IEEE Trans Image Process. 2023;32:3367-3382. doi: 10.1109/TIP.2023.3276570. Epub 2023 Jun 19.
Text-based Visual Question Answering (TextVQA) aims to produce correct answers for given questions about the images with multiple scene texts. In most cases, the texts naturally attach to the surface of the objects. Therefore, spatial reasoning between texts and objects is crucial in TextVQA. However, existing approaches are constrained within 2D spatial information learned from the input images and rely on transformer-based architectures to reason implicitly during the fusion process. Under this setting, these 2D spatial reasoning approaches cannot distinguish the fine-grained spatial relations between visual objects and scene texts on the same image plane, thereby impairing the interpretability and performance of TextVQA models.
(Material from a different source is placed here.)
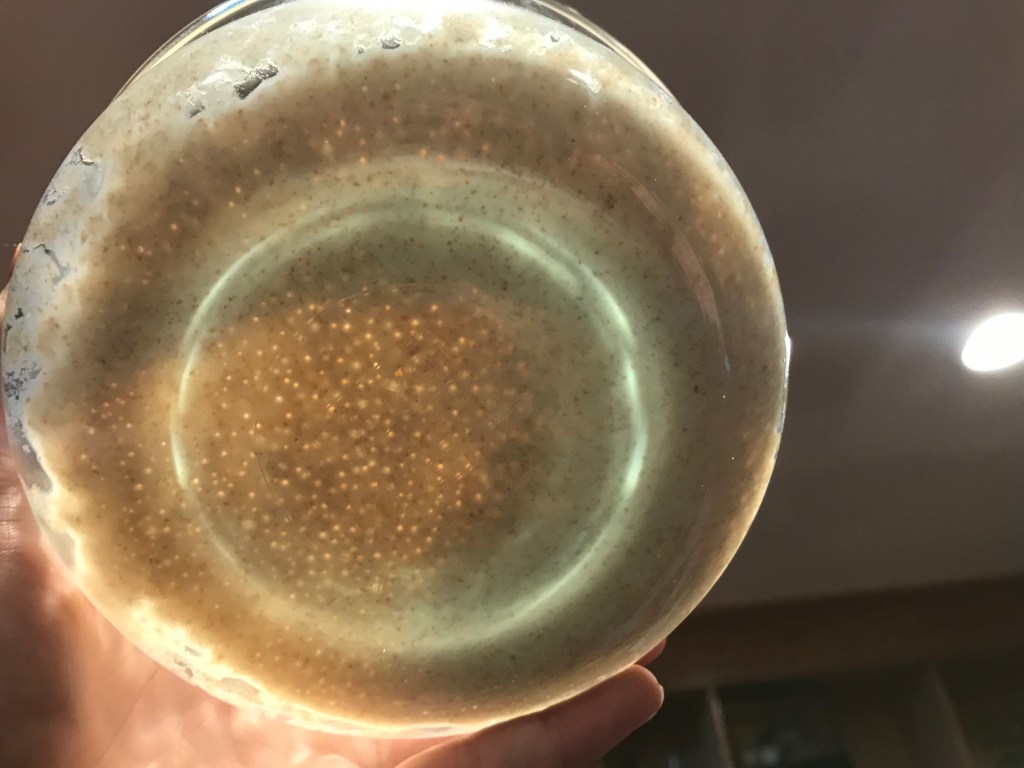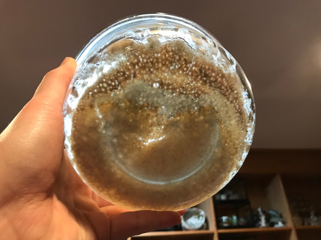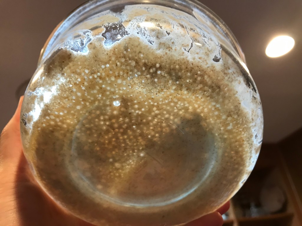 Hello darkness my own friend. The 1st culture now has the barf smell and perhaps initial mold growth due to the dark brown color. ‘Tapioca gas balls’ can still be seen at bottom.

In this paper, we introduce 3D geometric information into the spatial reasoning process to capture the contextual knowledge of key objects step-by-step. Specifically, (i) we propose a relation prediction module for accurately locating the region of interest of critical objects; (ii) we design a depth-aware attention calibration module for calibrating the OCR tokens' attention according to critical objects. Extensive experiments show that our method achieves state-of-the-art performance on TextVQA and ST-VQA datasets. More encouragingly, our model surpasses others by clear margins of 5.7% and 12.1% on questions that involve spatial reasoning in TextVQA and ST-VQA valid split. Besides, we also verify the generalizability of our model on the text-based image captioning task.
基于文本的视觉问答 (TextVQA) 的目标是针对带有多个场景文本的图像,为给定的问题生成正确的答案。在大多数情况下,文本自然附着在物体的表面上。因此,文本和对象之间的空间推理在 TextVQA 中至关重要。然而,现有的方法受到输入图像中 2D 空间信息的限制,并依赖于基于转换器的架构在融合过程中进行隐式推理。在这种设置下,这些 2D 空间推理方法无法区分同一图像平面上视觉对象和场景文本之间的细粒度空间关系,从而损害了 TextVQA 模型的可解释性和性能。在本文中,我们将 3D 几何信息引入空间推理过程中,逐步捕获关键对象的上下文知识。具体来说:(i)我们提出了一种关系预测模块,用于准确定位关键对象的感兴趣区域;(ii)我们设计了一种深度感知注意力校准模块,根据关键对象校准 OCR 标记的注意力。大量实验表明,我们的方法在 TextVQA 和 ST-VQA 数据集上实现了最先进的性能。更令人鼓舞的是,我们的模型在涉及 TextVQA 和 ST-VQA 有效分裂中空间推理的问题上,比其他模型高出 5.7%和 12.1%的明显差距。此外,我们还在基于文本的图像字幕任务上验证了我们模型的泛化能力。